= GovLoop =

American technology company

GovLoop is an online social network for people in and around government. The community, which is built on Ning technology, was originally aimed at federal, state, and local government employees in the United States, but has since grown to include students, government contractors, employees of governments outside the United States, and individuals interested in government service. GovLoop hosts personal profile pages, discussion groups and forums, blogs, photographs, videos, slide presentations, a wiki, and two weekly podcasts.

GovLoop was founded in May 2008 by Stephen A. Ressler, then a 28-year-old information specialist with the United States Department of Homeland Security. By April 2009, it had 10,000 members. In August 2010, membership exceeded 32,000.

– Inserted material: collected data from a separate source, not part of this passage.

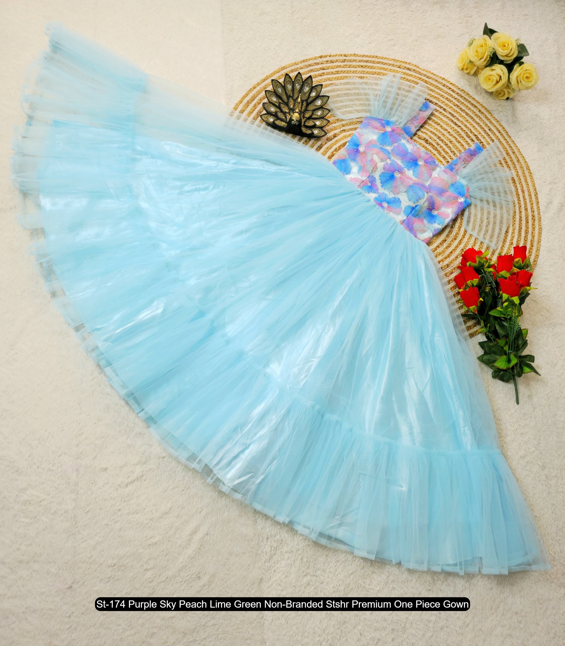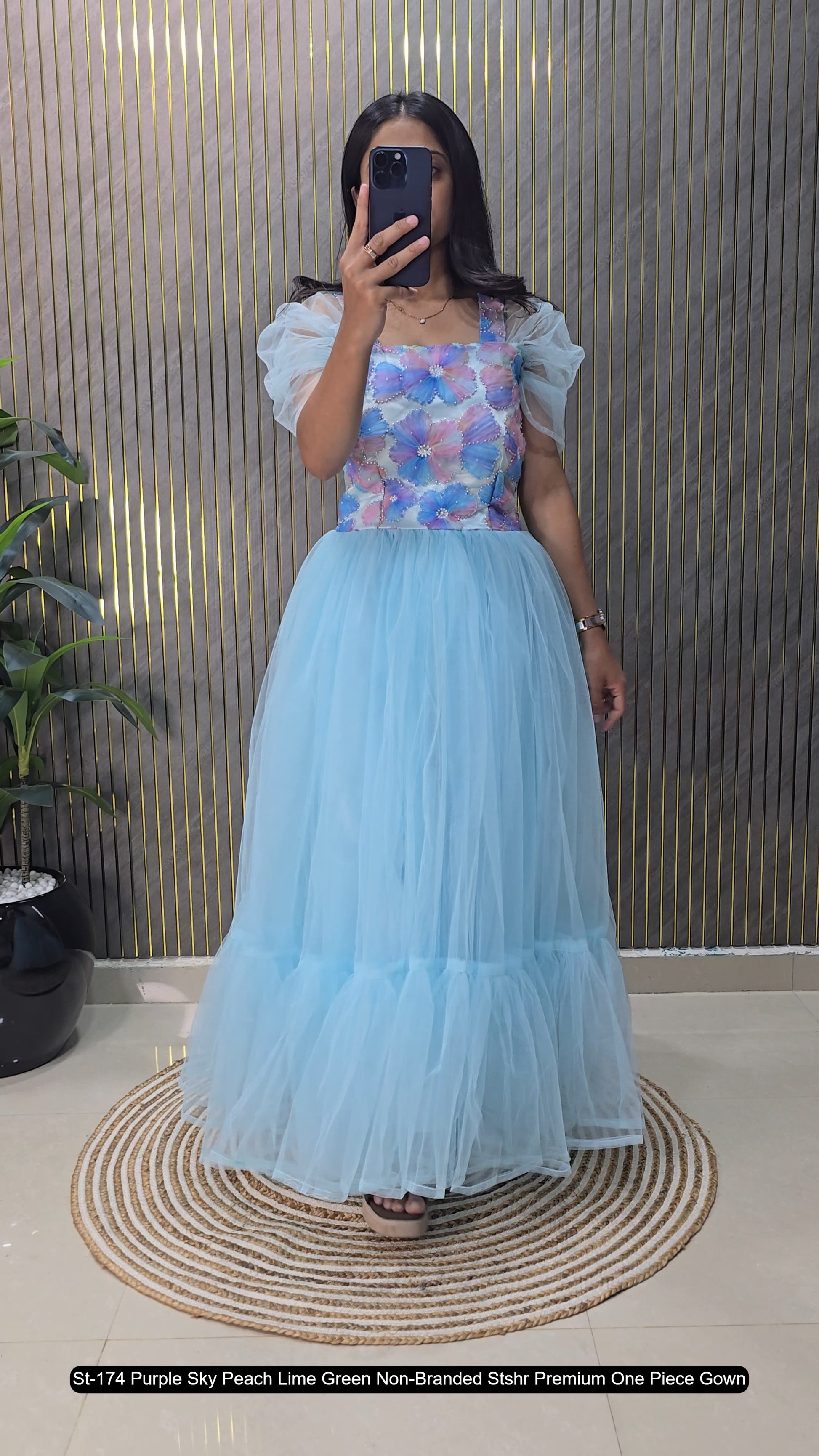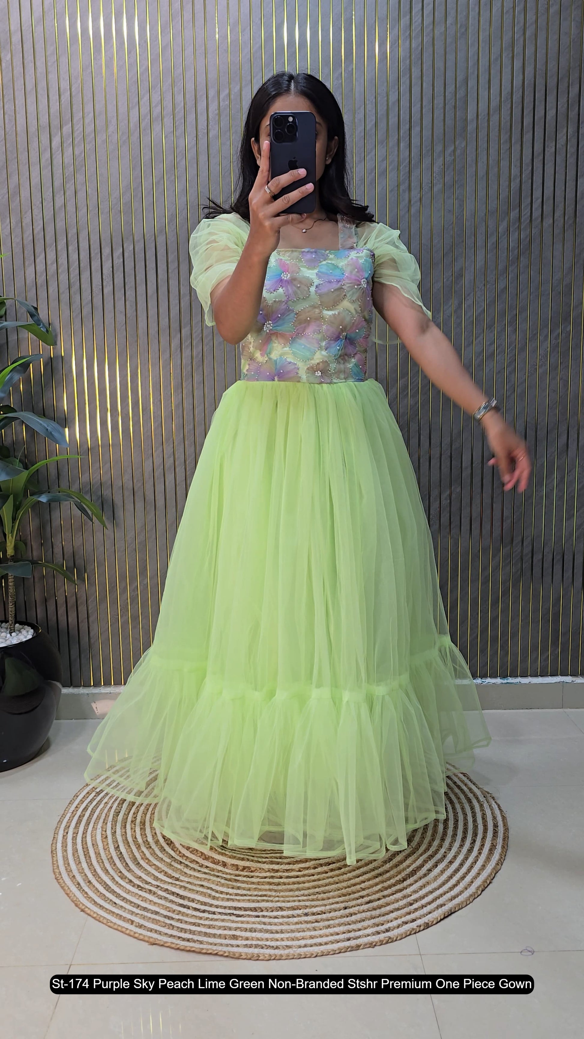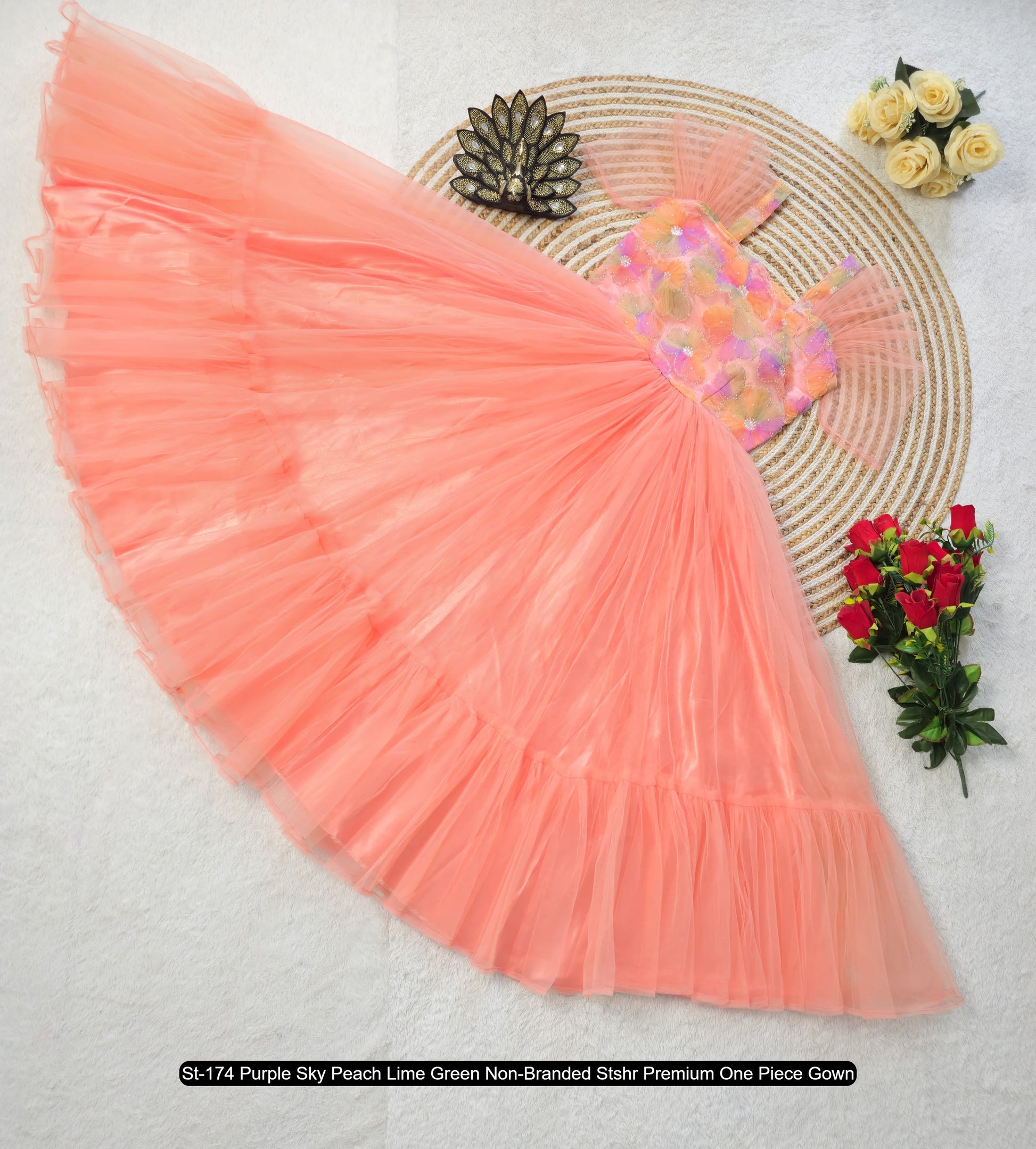 - St-174 Purple Sky Peach Lime Green Non-Branded Stshr Premium One Piece Gown Dealer Ahmedabad Surat Wholesale Gujarat India Lowest Price Best Quality Buy Purchase Shipping Kurta Salwaar Kameez Also free Cash on delivery
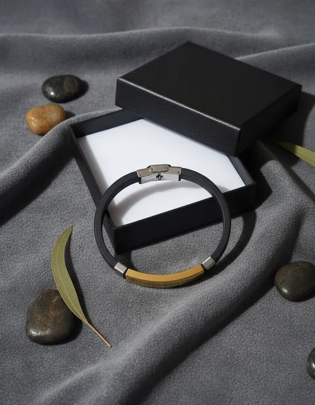 Pulsera Cristiana en Cuero y Placa Negra, Grabado con Padre Nuestro
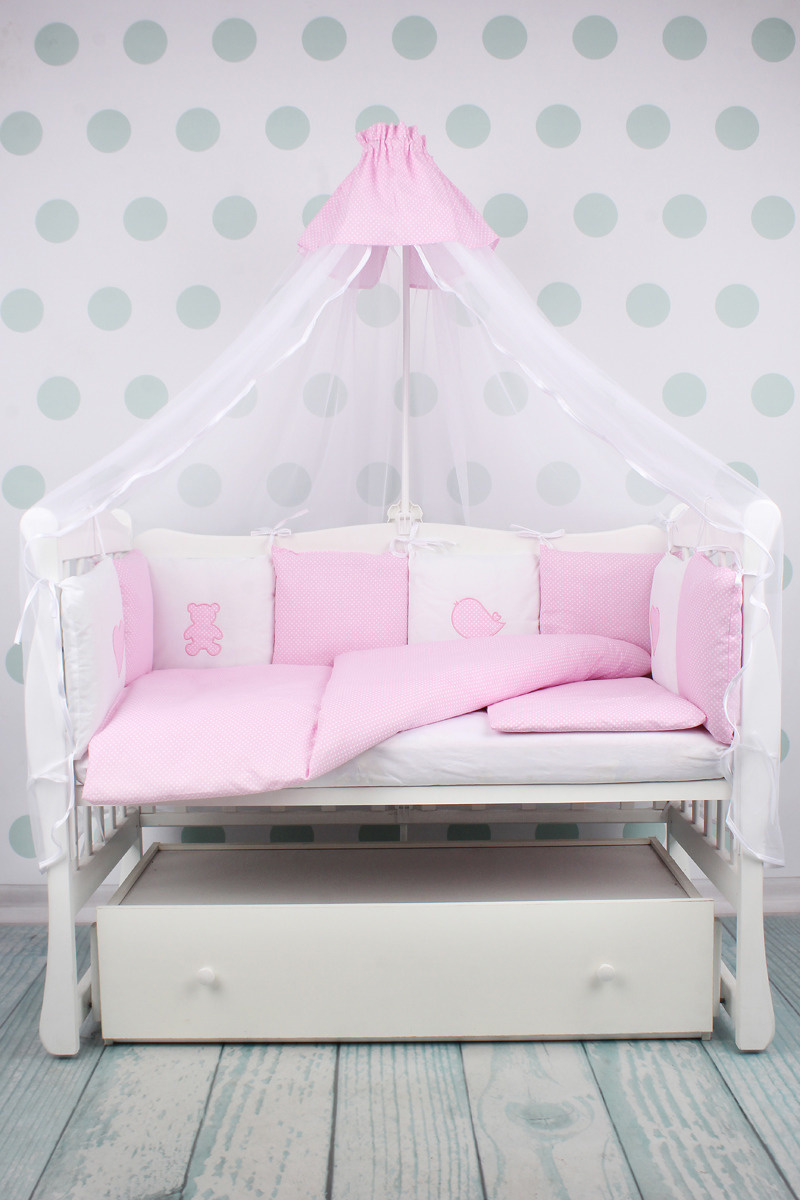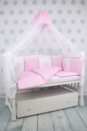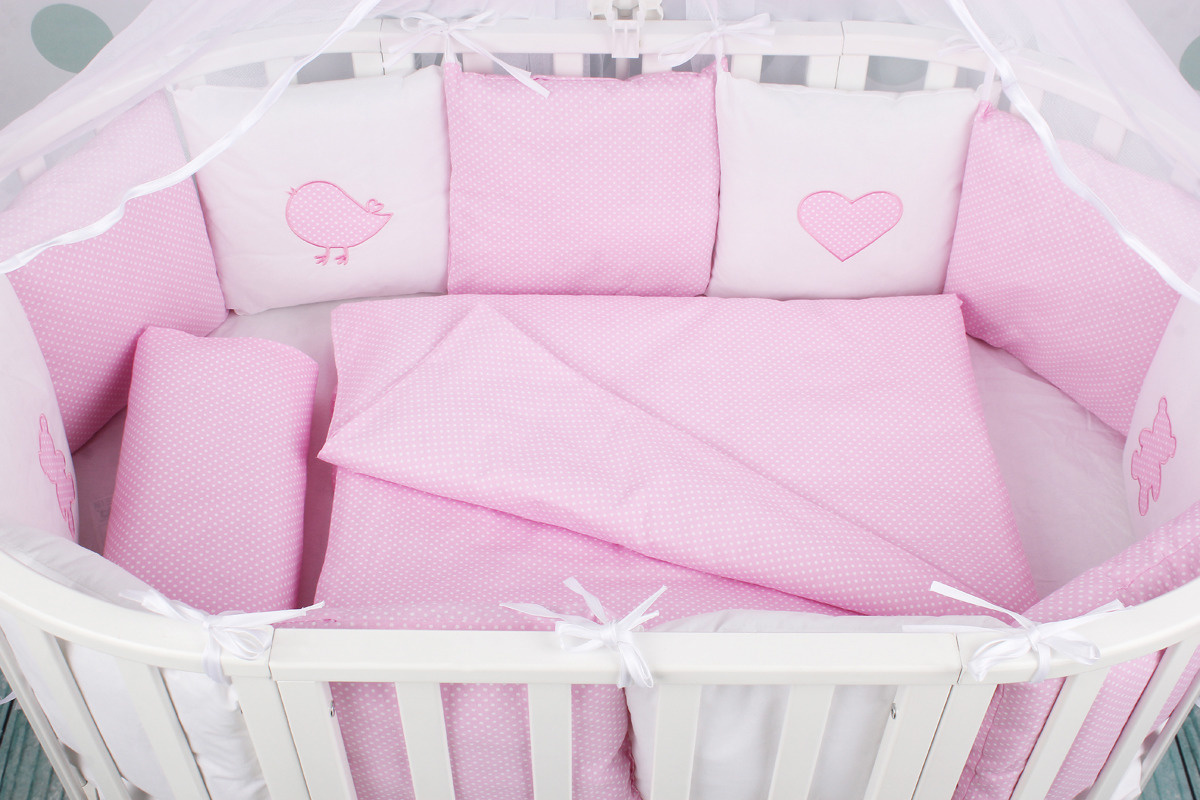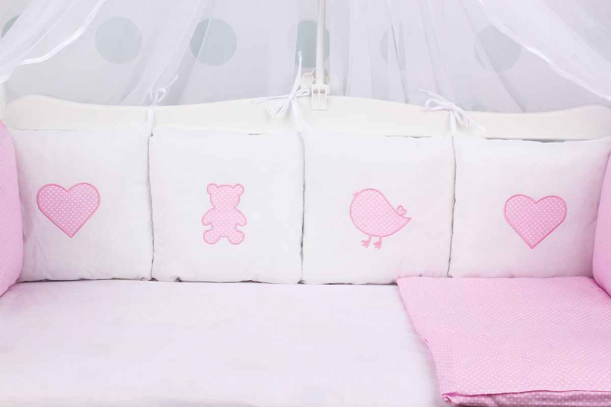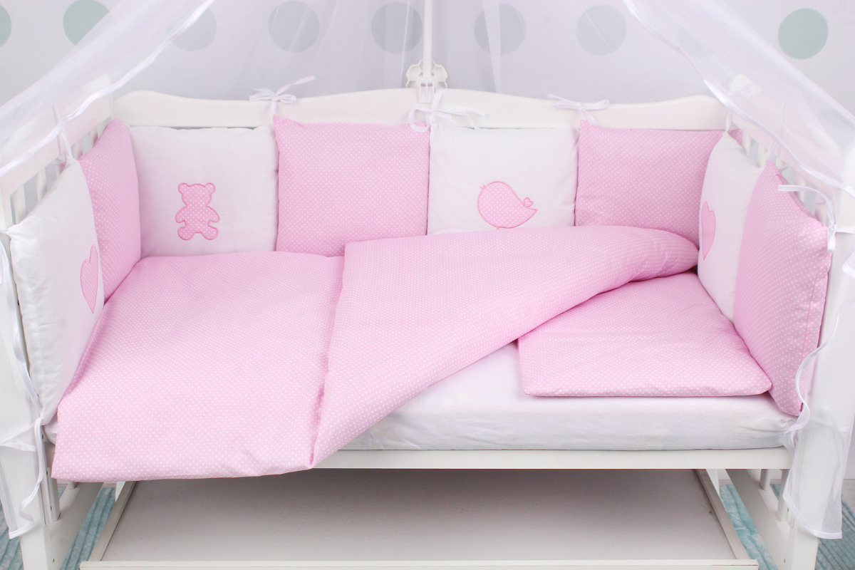 Комплект детского постельного белья 18-и предметный (6+12 бортиков) AmaroBaby КРОХА Premium (розовый)

In September 2009, the GovLoop community was acquired by GovDelivery, a government communications firm in St. Paul, Minnesota, whereupon Ressler left government employment; he is now the CEO of GovLoop.
The community employs a community manager, Andrew Krzmarzick, and relies on volunteer community leaders to assist newcomers and monitor contributed content.

As of May 2010, GovLoop hosted more than 700 discussion groups and more than 5,400 blog posts on topics ranging from federal acquisition policies to implementing new government transparency requirements to "Gov Gourmet," a group dedicated to cooking. In July 2010, GovLoop will host its first conference with Young Government Leaders entitled Next Generation of Government Summit, targeted to rising government leaders.

GovLoop has inspired similar sites to be created for public sector employees in Israel, Netherlands, Brazil, Australia, Spain and other Spanish speaking countries.

As of January 2013, GovLoop has over 65,000 members and has been featured as a case study of government innovation in books such as Macrowikinomics.